Task to carry out: From the line that contains "Схема расположения земельного" through the last line of the data, copy everything exactly and nothing else, omitting the pictures.

Exercise material:

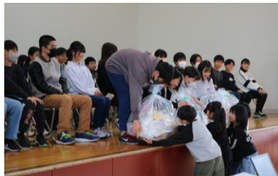
2年生からのメッセージ 手作りのプレゼントも渡しました
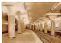
新名古屋駅(現:名鉄名古屋駅)開業当時(1941年)のホーム
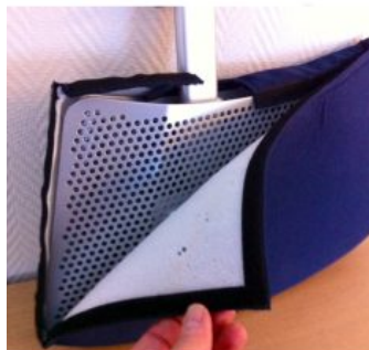
Funda para Divisoria de piernas Meywalk 4
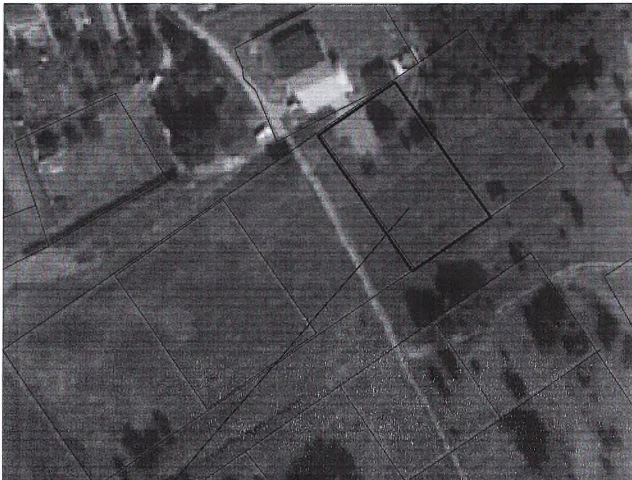
Схема расположения земельного участка в окружении смежно расположенных земельных участков (Ситуационный план)
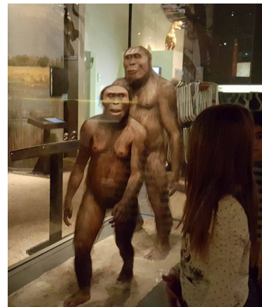
Australopithecus och nutida Homo sapiens sapiens
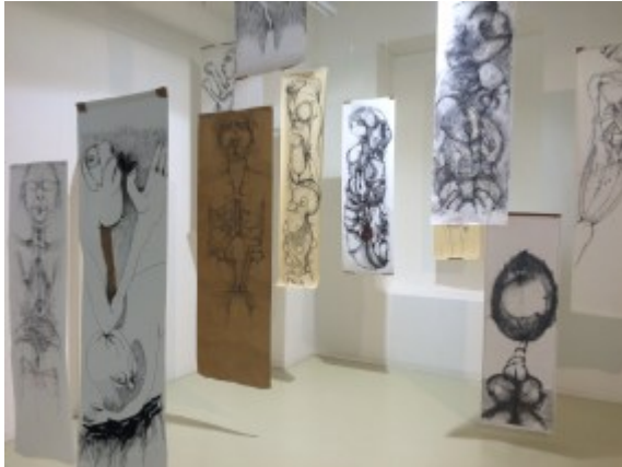
Die Kunst des Zeichnens ganz nah
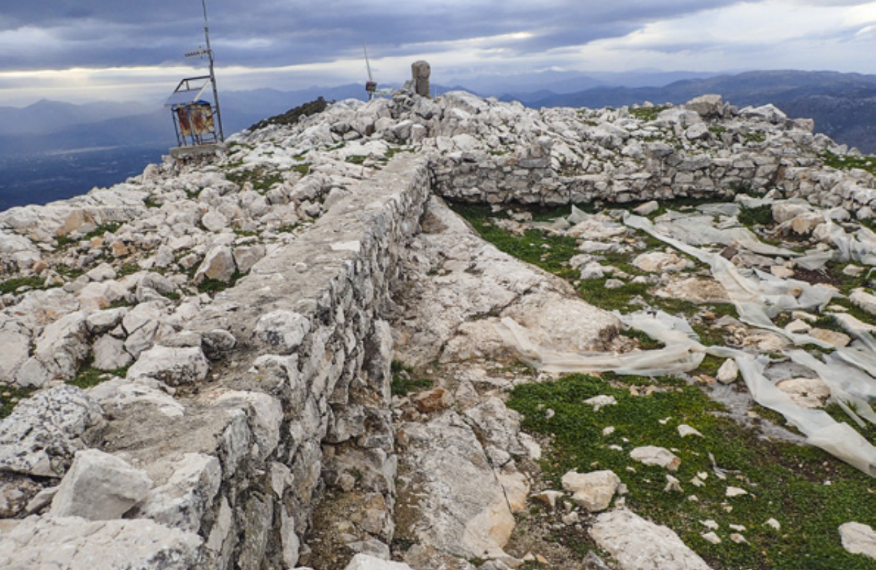
Τα καλύτερα διατηρημένα υπολείμματα φρυκτωρίας στο όρος Αραχναίο της Αργολίδας.

που έγιναν στην Κρήτη έφεραν στο φως συστήματα άμυνας κι επικοινωνίας της Μινωικής εποχής. Δυο νέες φρυκτωρίες ανακαλύφθηκαν το 2016 στην ανατολική Κρήτη και μάλιστα στο νησί Ψείρα , ένα νησί που θεωρείται θησαυρός για τους αρχαιολόγους όλου του κόσμου.
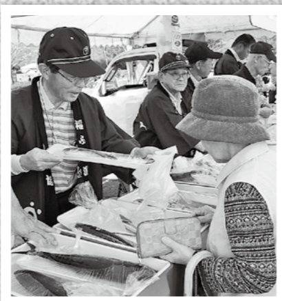
↑天降川や錦江湾で水揚げされた水産物をPR・販売する第1回霧島市水産まつりが11月13日、隼人町の日当山温泉公園でありました。
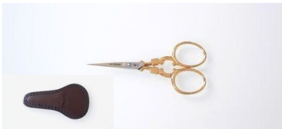
40-35321 カーボン 金足刺繍鋏皮ケース付 終了

Task response:
Схема расположения земельного участка в окружении смежно расположенных земельных участков (Ситуационный план)
Australopithecus och nutida Homo sapiens sapiens
Die Kunst des Zeichnens ganz nah
Τα καλύτερα διατηρημένα υπολείμματα φρυκτωρίας στο όρος Αραχναίο της Αργολίδας.

που έγιναν στην Κρήτη έφεραν στο φως συστήματα άμυνας κι επικοινωνίας της Μινωικής εποχής. Δυο νέες φρυκτωρίες ανακαλύφθηκαν το 2016 στην ανατολική Κρήτη και μάλιστα στο νησί Ψείρα , ένα νησί που θεωρείται θησαυρός για τους αρχαιολόγους όλου του κόσμου.
↑天降川や錦江湾で水揚げされた水産物をPR・販売する第1回霧島市水産まつりが11月13日、隼人町の日当山温泉公園でありました。
40-35321 カーボン 金足刺繍鋏皮ケース付 終了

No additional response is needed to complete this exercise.